2. Need to know the theoretical knowledge in advance

The code only implements the theoretical part of the ICP algorithm, and other parts will be implemented later.

I am not familiar enough with the ICP algorithm, I recommend the following blogs (especially the second one):

3D point cloud registration--ICP algorithm principle and derivation- Zhihu (zhihu.com)

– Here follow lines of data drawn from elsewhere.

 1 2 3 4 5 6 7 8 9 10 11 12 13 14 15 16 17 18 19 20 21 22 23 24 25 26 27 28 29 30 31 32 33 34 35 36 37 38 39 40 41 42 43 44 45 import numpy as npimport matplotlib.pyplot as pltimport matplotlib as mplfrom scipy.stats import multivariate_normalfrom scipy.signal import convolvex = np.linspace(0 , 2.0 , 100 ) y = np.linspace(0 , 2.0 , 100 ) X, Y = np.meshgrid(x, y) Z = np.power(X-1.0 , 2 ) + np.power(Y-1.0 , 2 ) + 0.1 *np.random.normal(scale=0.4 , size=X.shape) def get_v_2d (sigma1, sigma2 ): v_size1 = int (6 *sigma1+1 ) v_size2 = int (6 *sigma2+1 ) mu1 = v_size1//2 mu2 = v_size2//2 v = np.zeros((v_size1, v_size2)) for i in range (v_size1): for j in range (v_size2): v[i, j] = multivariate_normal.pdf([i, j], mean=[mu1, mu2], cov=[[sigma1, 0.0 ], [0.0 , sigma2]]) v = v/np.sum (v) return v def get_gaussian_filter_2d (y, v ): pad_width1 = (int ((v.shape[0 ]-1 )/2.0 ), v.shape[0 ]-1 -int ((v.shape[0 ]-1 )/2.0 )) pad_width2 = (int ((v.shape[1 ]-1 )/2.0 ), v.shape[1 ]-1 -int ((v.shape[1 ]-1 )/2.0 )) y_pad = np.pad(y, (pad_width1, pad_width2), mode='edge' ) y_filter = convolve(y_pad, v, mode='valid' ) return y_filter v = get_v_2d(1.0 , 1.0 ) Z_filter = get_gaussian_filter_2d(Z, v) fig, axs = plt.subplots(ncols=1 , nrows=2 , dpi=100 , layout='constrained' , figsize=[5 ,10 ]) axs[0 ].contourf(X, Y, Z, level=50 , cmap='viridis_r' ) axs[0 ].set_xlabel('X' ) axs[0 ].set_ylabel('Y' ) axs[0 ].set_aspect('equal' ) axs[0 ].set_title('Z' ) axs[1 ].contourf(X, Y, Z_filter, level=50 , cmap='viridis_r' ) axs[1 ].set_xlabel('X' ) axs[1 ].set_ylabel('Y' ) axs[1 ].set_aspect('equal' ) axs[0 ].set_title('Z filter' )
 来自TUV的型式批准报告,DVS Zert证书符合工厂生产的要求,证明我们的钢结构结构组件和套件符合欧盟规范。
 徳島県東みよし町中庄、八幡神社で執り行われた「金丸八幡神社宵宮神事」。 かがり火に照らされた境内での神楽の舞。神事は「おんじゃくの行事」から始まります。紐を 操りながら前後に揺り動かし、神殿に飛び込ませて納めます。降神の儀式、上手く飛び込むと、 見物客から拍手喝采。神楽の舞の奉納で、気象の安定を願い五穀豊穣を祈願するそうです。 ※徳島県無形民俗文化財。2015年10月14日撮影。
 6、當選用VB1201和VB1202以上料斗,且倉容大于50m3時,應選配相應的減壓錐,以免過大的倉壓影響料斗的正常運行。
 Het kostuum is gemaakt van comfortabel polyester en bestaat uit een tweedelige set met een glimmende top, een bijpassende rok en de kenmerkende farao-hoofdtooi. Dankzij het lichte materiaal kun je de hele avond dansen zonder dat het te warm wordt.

SLAM Frequently Asked Questions (4): Solve ICP, use SVD decomposition to get the rotation matrix | RealCat (gitee.io)

Not familiar enough with singular value decomposition, you can take a look at:

Singular value decomposition (SVD) - Zhihu (zhihu.com)

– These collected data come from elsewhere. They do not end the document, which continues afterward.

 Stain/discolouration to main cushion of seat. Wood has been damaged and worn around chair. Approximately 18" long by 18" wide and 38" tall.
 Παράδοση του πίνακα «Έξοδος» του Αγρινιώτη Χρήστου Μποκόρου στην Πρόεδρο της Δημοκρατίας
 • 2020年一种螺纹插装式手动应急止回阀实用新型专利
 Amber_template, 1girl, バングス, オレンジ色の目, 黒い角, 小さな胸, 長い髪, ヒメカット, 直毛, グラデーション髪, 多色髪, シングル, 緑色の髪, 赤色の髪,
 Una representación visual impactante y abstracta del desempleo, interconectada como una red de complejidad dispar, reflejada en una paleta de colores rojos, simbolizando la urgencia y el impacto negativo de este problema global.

3. Implementation steps of ICP code algorithm

step1. Calculate the centroid of two sets of matching points, the position of each point is: { }, { }: $p_1,p_2,p_3,p_4.....$ $q_1,q_2,q_3,q_4......$

$\bar{p} =\frac{\sum_{i=0}^{n}p_i}{n}$ ， $\bar{q} =\frac{\sum_{i=0}^{n}q_i}{n}$

step2 . Get the centroid-free point set:

$x_{i}:=p_{i}-\bar{p},y_{i}=q_{i}-\bar{q},i=1,2...n$

step3 . Calculate the 3x3 proof of its singular decomposition money according to the formula:

$H = XY^{T}$

Where: X is the source point cloud matrix with the centroid removed, and Y is the target point cloud matrix with the centroid removed

step4 . Decompose S SVD 奇异值to get the rotation matrix R:

$R = VU^T$

The calculation formula of V is ( $S^TS$ a matrix composed of eigenvectors):

$V =Eigenvectors( H^TH)$

The calculation formula of U is ( $SS^T$ a matrix composed of eigenvectors):

$U = Eigenvectors(HH^T)$

step5 . Calculate the translation amount:

$t = \bar{q} -R\bar{p}$

4. Code implementation (according to step 3)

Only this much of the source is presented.